Task goal
Below are lines of records; copy exactly those from the one containing "Женские наручные часы" through the one containing "줄을 서야만 이용 가능한", leaving the pictures behind.

Given information

────────────────────────────────────────

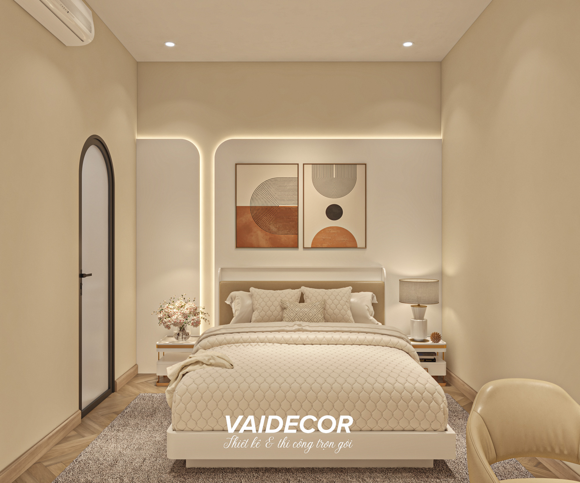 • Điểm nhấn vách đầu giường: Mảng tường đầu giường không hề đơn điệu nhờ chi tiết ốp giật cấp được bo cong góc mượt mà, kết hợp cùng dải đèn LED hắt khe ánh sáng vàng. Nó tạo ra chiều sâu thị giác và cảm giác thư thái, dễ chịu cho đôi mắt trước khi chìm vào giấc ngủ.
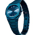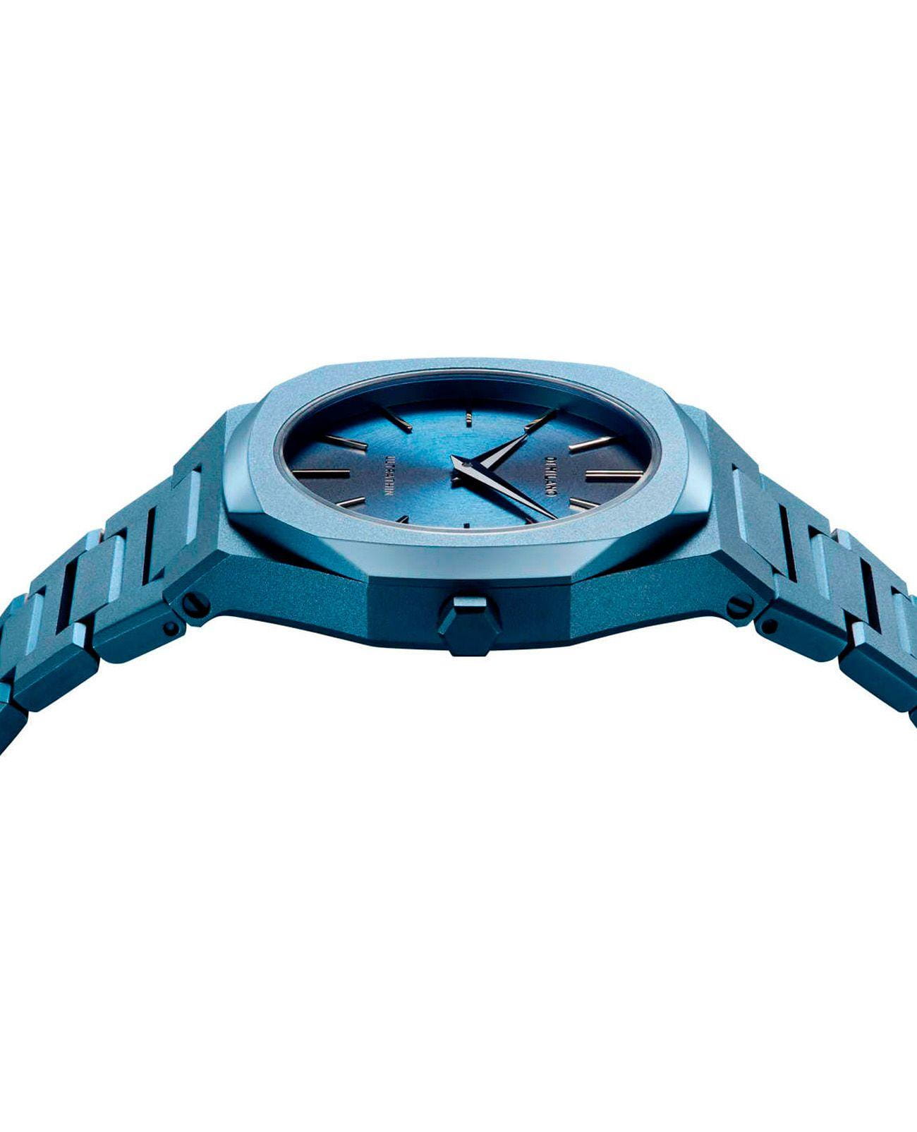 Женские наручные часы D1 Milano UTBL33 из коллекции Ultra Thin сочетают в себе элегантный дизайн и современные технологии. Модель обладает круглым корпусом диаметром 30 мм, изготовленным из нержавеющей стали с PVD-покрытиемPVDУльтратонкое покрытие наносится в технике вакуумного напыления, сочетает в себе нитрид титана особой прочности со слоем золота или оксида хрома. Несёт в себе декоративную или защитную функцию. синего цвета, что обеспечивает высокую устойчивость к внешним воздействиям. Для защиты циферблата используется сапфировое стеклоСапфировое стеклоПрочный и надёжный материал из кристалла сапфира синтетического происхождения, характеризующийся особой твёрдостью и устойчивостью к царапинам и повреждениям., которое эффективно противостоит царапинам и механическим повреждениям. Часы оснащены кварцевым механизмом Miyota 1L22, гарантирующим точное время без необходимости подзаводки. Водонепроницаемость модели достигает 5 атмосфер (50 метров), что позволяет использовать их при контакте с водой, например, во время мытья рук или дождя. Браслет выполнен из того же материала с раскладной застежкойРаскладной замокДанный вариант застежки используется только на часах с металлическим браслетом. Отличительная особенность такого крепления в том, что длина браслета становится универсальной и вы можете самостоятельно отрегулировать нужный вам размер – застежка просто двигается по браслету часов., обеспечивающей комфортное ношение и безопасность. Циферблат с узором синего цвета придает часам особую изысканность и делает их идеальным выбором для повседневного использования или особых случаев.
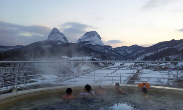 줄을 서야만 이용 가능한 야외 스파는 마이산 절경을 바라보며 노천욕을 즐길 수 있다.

────────────────────────────────────────

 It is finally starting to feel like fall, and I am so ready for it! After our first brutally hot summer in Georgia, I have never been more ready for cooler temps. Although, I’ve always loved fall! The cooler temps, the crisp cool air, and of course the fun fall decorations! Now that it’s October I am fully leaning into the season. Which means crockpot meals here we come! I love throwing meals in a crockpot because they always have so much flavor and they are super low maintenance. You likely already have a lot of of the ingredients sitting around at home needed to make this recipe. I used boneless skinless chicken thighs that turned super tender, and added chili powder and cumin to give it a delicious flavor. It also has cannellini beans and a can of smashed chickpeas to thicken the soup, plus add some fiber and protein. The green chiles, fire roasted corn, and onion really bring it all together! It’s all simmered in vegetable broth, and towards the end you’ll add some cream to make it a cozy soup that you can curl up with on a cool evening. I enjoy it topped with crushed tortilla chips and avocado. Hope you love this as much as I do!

────────────────────────────────────────

Written answer
 Женские наручные часы D1 Milano UTBL33 из коллекции Ultra Thin сочетают в себе элегантный дизайн и современные технологии. Модель обладает круглым корпусом диаметром 30 мм, изготовленным из нержавеющей стали с PVD-покрытиемPVDУльтратонкое покрытие наносится в технике вакуумного напыления, сочетает в себе нитрид титана особой прочности со слоем золота или оксида хрома. Несёт в себе декоративную или защитную функцию. синего цвета, что обеспечивает высокую устойчивость к внешним воздействиям. Для защиты циферблата используется сапфировое стеклоСапфировое стеклоПрочный и надёжный материал из кристалла сапфира синтетического происхождения, характеризующийся особой твёрдостью и устойчивостью к царапинам и повреждениям., которое эффективно противостоит царапинам и механическим повреждениям. Часы оснащены кварцевым механизмом Miyota 1L22, гарантирующим точное время без необходимости подзаводки. Водонепроницаемость модели достигает 5 атмосфер (50 метров), что позволяет использовать их при контакте с водой, например, во время мытья рук или дождя. Браслет выполнен из того же материала с раскладной застежкойРаскладной замокДанный вариант застежки используется только на часах с металлическим браслетом. Отличительная особенность такого крепления в том, что длина браслета становится универсальной и вы можете самостоятельно отрегулировать нужный вам размер – застежка просто двигается по браслету часов., обеспечивающей комфортное ношение и безопасность. Циферблат с узором синего цвета придает часам особую изысканность и делает их идеальным выбором для повседневного использования или особых случаев.
 줄을 서야만 이용 가능한 야외 스파는 마이산 절경을 바라보며 노천욕을 즐길 수 있다.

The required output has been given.